• **PROVIDED DATA**:
- Opening Delimiter -

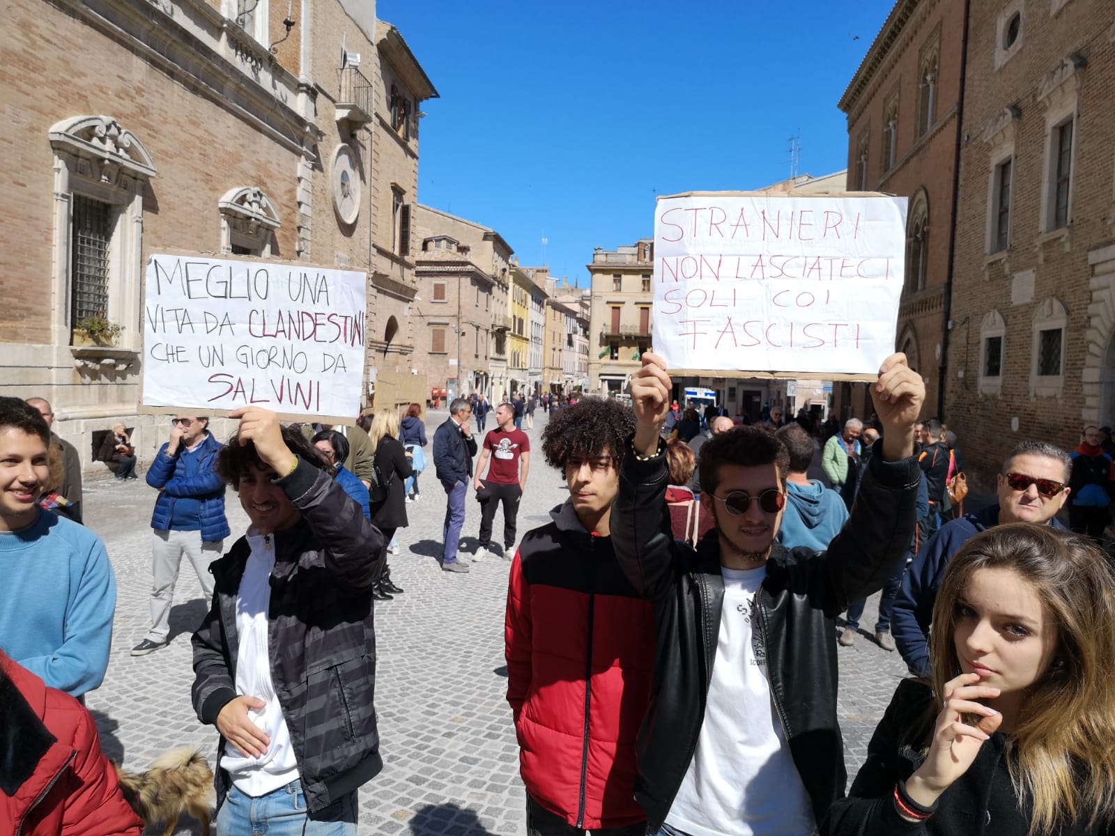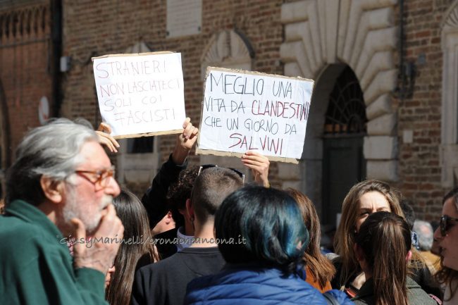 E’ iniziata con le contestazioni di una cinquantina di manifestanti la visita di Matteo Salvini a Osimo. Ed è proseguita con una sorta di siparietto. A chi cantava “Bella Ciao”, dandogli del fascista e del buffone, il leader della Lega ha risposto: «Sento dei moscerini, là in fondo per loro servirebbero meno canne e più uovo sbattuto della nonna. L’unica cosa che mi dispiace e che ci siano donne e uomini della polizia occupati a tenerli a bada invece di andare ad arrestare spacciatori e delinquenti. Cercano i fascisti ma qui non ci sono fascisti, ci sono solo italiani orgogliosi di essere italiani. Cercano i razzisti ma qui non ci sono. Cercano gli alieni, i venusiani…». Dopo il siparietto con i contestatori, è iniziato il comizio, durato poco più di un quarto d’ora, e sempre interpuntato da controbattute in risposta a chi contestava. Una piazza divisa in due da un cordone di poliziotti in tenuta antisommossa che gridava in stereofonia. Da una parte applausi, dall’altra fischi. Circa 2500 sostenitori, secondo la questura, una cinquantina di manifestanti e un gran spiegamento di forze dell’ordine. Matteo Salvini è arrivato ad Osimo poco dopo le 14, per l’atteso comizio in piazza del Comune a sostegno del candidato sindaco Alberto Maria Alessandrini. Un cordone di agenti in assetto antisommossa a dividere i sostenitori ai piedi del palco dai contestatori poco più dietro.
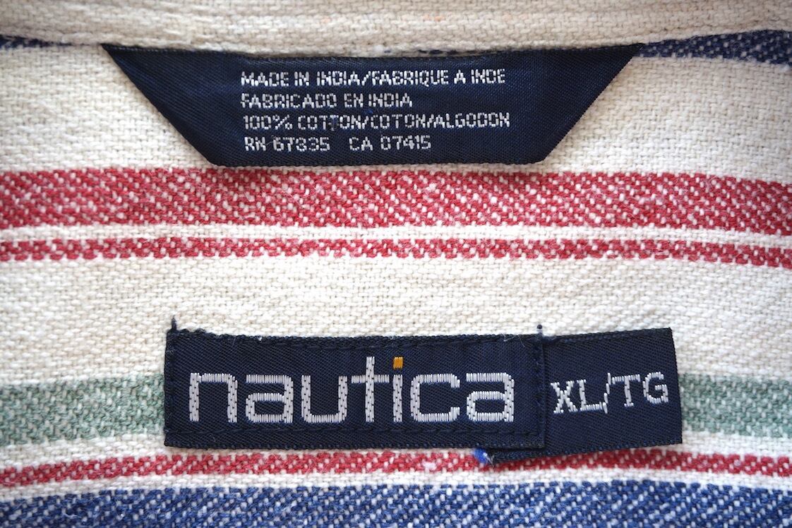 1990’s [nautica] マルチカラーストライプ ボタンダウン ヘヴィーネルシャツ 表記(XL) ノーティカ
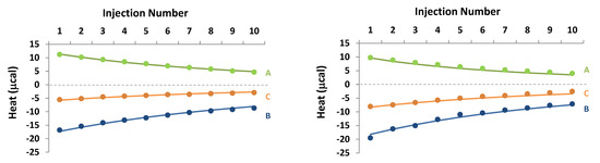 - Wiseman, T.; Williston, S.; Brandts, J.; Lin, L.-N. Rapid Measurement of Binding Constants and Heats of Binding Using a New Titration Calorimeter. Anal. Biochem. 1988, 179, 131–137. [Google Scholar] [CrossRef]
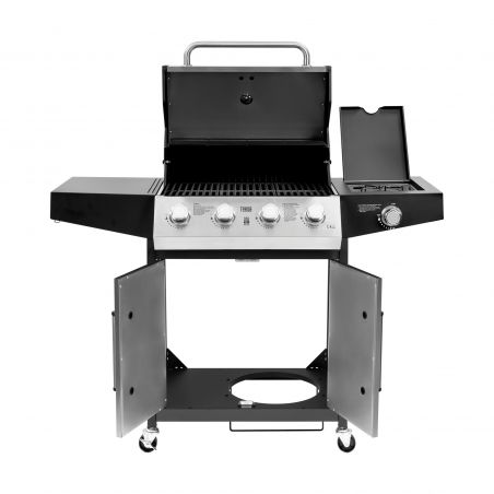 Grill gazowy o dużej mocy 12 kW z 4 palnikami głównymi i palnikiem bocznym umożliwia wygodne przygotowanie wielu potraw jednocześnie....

- Closing Delimiter -
- Opening Delimiter -

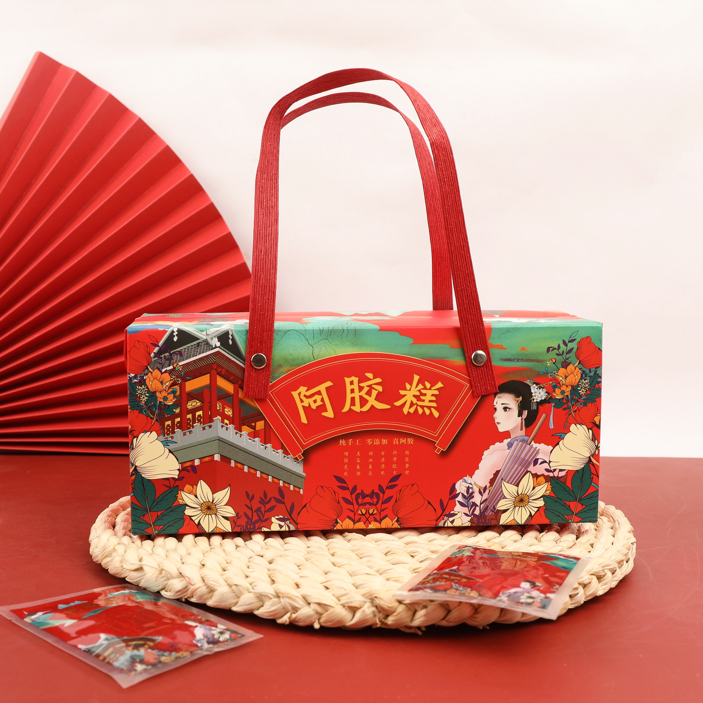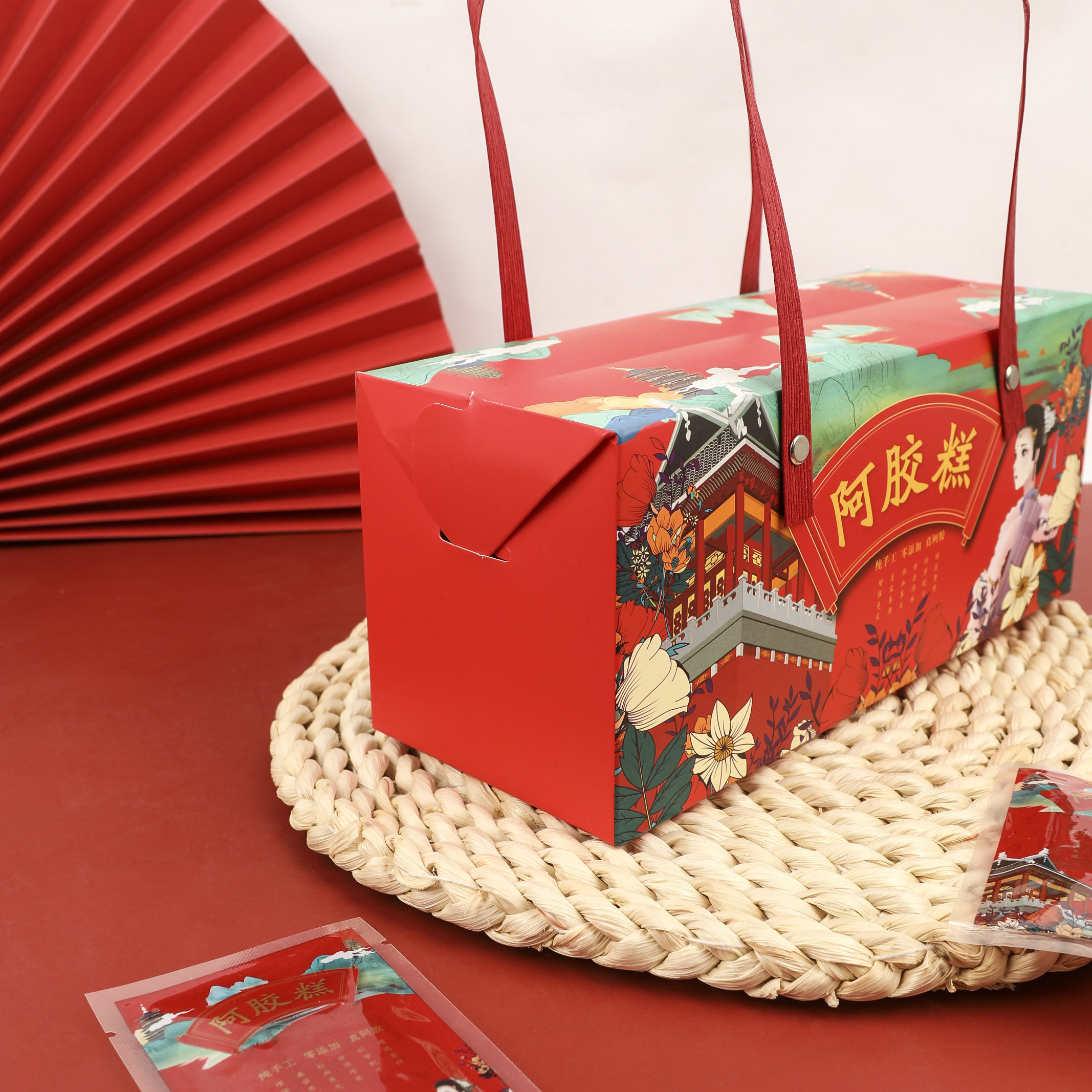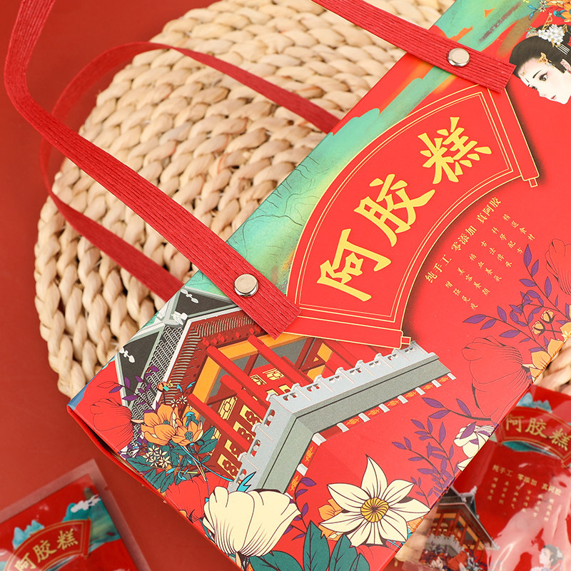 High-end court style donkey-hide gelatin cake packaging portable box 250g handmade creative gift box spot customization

- Closing Delimiter -

• **DESCRIPTION OF THE TASK**: Could you repeat, exactly, only the lines above starting at the one that has "1990’s [nautica] マルチカラーストライプ" and stopping after the one that has "- Wiseman, T.;", without the pictures?

• **RESPONSE TO THE EXERCISE**:
 1990’s [nautica] マルチカラーストライプ ボタンダウン ヘヴィーネルシャツ 表記(XL) ノーティカ
 - Wiseman, T.; Williston, S.; Brandts, J.; Lin, L.-N. Rapid Measurement of Binding Constants and Heats of Binding Using a New Titration Calorimeter. Anal. Biochem. 1988, 179, 131–137. [Google Scholar] [CrossRef]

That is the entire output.